RUN pip install --no-cache-dir --upgrade -r /code/requirements.txt

# Create a writable cache directory and set permissions
RUN mkdir -p /code/.cache/huggingface/hub && \
    chmod -R 777 /code/.cache/huggingface

# Set environment variables for Hugging Face cache directory
ENV HF_HOME=/code/.cache/huggingface

COPY . .

CMD ["uvicorn", "app:app", "--host", "0.0.0.0", "--port", "7860"]

app.py

Make sure to add this line:

os.environ["HF_HOME"] = "/code/.cache/huggingface"

after

os.environ["HF_TOKEN"] = os.getenv('HF_TOKEN')

Here is the full code:

from transformers import AutoTokenizer, AutoModelForSeq2SeqLM, pipeline
from dotenv import load_dotenv
from fastapi import FastAPI
from fastapi.middleware.cors import CORSMiddleware
from pydantic import BaseModel
import langid
import os


load_dotenv()


os.environ["HF_TOKEN"] = os.getenv('HF_TOKEN')

os.environ["HF_HOME"] = "/code/.cache/huggingface"


app = FastAPI()


origins = ["*"]
app.add_middleware(
    CORSMiddleware,
    allow_origins=origins,
    allow_credentials=True,
    allow_methods=["*"],
    allow_headers=["*"],
)


model = AutoModelForSeq2SeqLM.from_pretrained("facebook/nllb-200-distilled-600M")

tokenizer = AutoTokenizer.from_pretrained("facebook/nllb-200-distilled-600M")

translator = pipeline('translation', model=model, tokenizer=tokenizer, max_length=400)


class LanguageTextModel(BaseModel):
    languageText: str
    sourceLanguageCode: str
    targetLanguageCode: str


language_code_mapping = {
    'en': 'eng_Latn',
    'hi': 'hin_Deva',
    'bn': 'ben_Beng',
    'bho': 'bho_Deva',
    'ur': 'urd_Arab',
    'ta': 'tam_Taml',
    'te': 'tel_Telu',
    'ml': 'mal_Mlym',
    'es': 'spa_Latn',
    'fr': 'fra_Latn',
    'de': 'deu_Latn',
    'zh-cn': 'zho_Hans',
    'ru': 'rus_Cyrl',
    'pt': 'por_Latn',
    'ja': 'jpn_Jpan',
    'ko': 'kor_Hang',
    'it': 'ita_Latn',
    'nl': 'nld_Latn',
    'el': 'ell_Grek',
    'pl': 'pol_Latn',
    'tr': 'tur_Latn',
    'sv': 'swe_Latn',
    'da': 'dan_Latn',
    'fi': 'fin_Latn',
    'hu': 'hun_Latn',
    'cs': 'ces_Latn',
    'no': 'nob_Latn',
    'ro': 'ron_Latn',
    'sk': 'slk_Latn',
    'hr': 'hrv_Latn',
    'bg': 'bul_Cyrl',
    'uk': 'ukr_Cyrl',
    'sr': 'srp_Cyrl',
    'he': 'heb_Hebr',
    'ar': 'arb_Arab',
    'th': 'tha_Thai',
    'vi': 'vie_Latn',
    'id': 'ind_Latn',
    'ms': 'zsm_Latn',
    'tl': 'tgl_Latn',
    'sw': 'swh_Latn',
    'am': 'amh_Ethi',
    'so': 'som_Latn',
    'ha': 'hau_Latn',
    'yo': 'yor_Latn',
    'zu': 'zul_Latn',
    'xh': 'xho_Latn',
    'ig': 'ibo_Latn',
    'uz': 'uzb_Latn',
    'kk': 'kaz_Cyrl',
}


@app.get('/')
def welcome():
    return {
        'success': True,
        'message': 'Server of "NLLB language translator" is up and running successfully'
    }


@app.post('/translate')
async def translate_text(allInput: LanguageTextModel):

    try:

        detected_language, confidence = langid.classify(allInput.languageText)

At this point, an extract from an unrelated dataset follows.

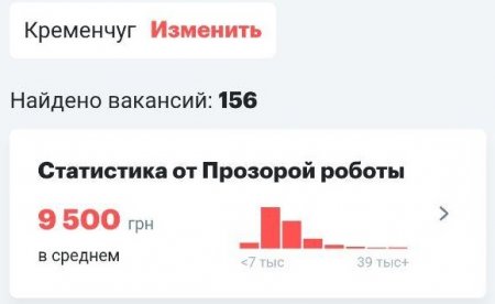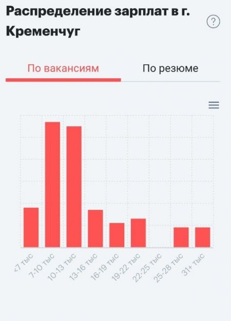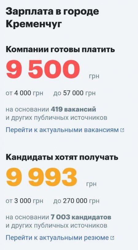 Сайт rabota.ua оценил среднюю зарплату в Кременчуге как 9,5 тыс грн, а соискатели хотят получить около 10 тыс грн. В основном, по данным сайта, работодатели предлагают в Кременчуге 9-13 тыс грн.

        if detected_language not in language_code_mapping:

            return {
                "success": False,
                "message": "Detected Language is not supported."
            }
        

        detected_source_language_code = language_code_mapping[detected_language]

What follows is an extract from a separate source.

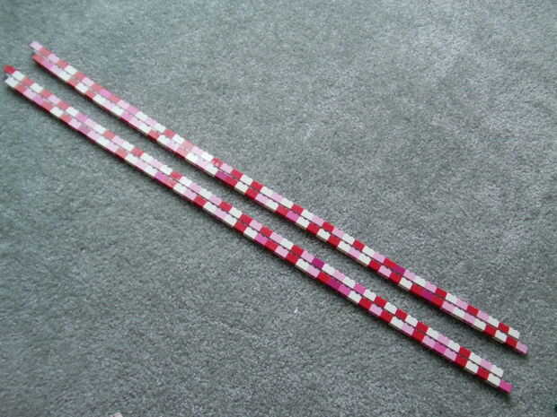 Construir una tira con dos capas de ladrillos que están escalonados para que se peguen juntos. Una vez que la tira es unos ladrillos largo agregar la capa superior. Continuar construyendo la tira hasta que cada capa es 50 ladrillos largo (100 pernos prisioneros) y ambos extremos son alternados como en la segunda foto.

        if detected_source_language_code != allInput.sourceLanguageCode:
            
            return {
                "success": False,
                "message": "Wrong combination of source language code and input text."
            }


        response = translator(allInput.languageText, src_lang=allInput.sourceLanguageCode, tgt_lang=allInput.targetLanguageCode)
        
        return {
            "success": True,
            "translated_text": response[0]['translation_text']
        }

    except Exception as e:

        print(f"Error: {e}")

        return {
            "success": False,
            "message": "Something went wrong. Please try again after sometime."
        }

Deployment Links

  1. Live Preview: https://language-translator-nllb-200-nextjs.vercel.app/
  2. Backend FastAPI API of the NLLB-200: https://som11-language-translator.hf.space/
  3. Swagger docs of the FastAPI API of the NLLB-200: https://som11-language-translator.hf.space/docs

Demo video of the application

recording-2024-07-26-14-10-37.mp4

Disclaimer

The creator of this application is not responsible for any inaccuracies or errors in translations, as the NLLB-200 model's functioning is beyond the creator's control.